[Start of Attachment]

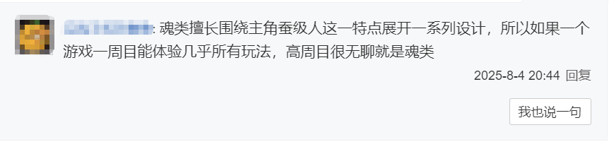 但对于“类魂游戏”这种宇宙的终极奥秘,网上不少人始终持反对态度,情至深处甚至还会附带一句“放你嬢的屁”。
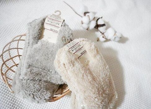 この「足なり直角 ボアフリース ルームソックス」490円は、ふんわりしたボアフリースが足をすっぽり包んでくれます。
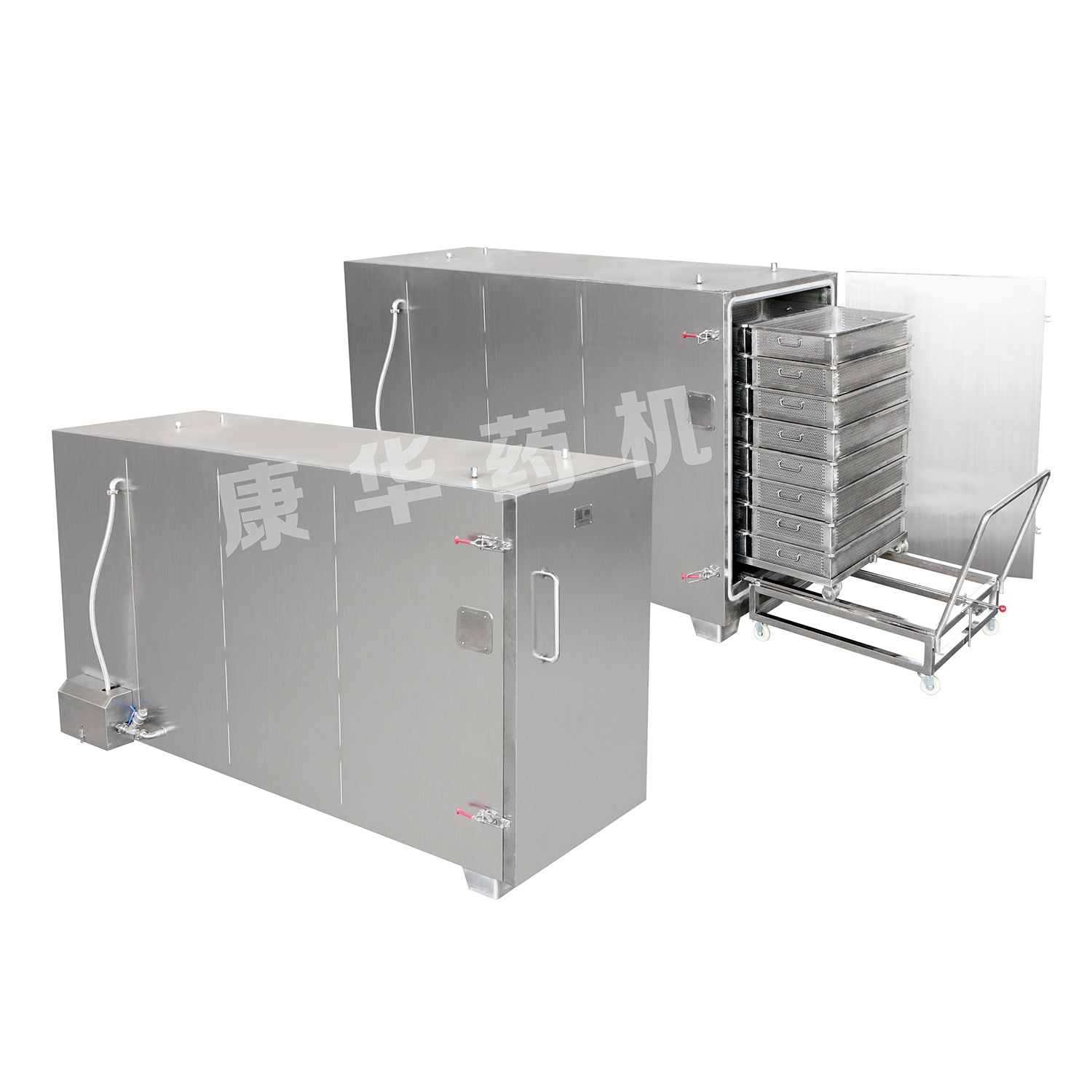 化效果好,速度快,避免有效成分流失等優(yōu)點(diǎn)。方形箱體的有效容積率達(dá) 99%,開機(jī)(閥門的開閉)、箱體的密封、抽真空、真空度控制、蒸潤、關(guān)機(jī)等過程

[End of Attachment]

## Task details:
Reproduce, word for word, the lines from the one containing "この「足なり直角 ボアフリース ルームソックス」490円は、ふんわりしたボアフリースが足をすっぽり包んでくれます。" to the end of the material, both ends included. No picture is copied.

## Written answer:
 この「足なり直角 ボアフリース ルームソックス」490円は、ふんわりしたボアフリースが足をすっぽり包んでくれます。
 化效果好,速度快,避免有效成分流失等優(yōu)點(diǎn)。方形箱體的有效容積率達(dá) 99%,開機(jī)(閥門的開閉)、箱體的密封、抽真空、真空度控制、蒸潤、關(guān)機(jī)等過程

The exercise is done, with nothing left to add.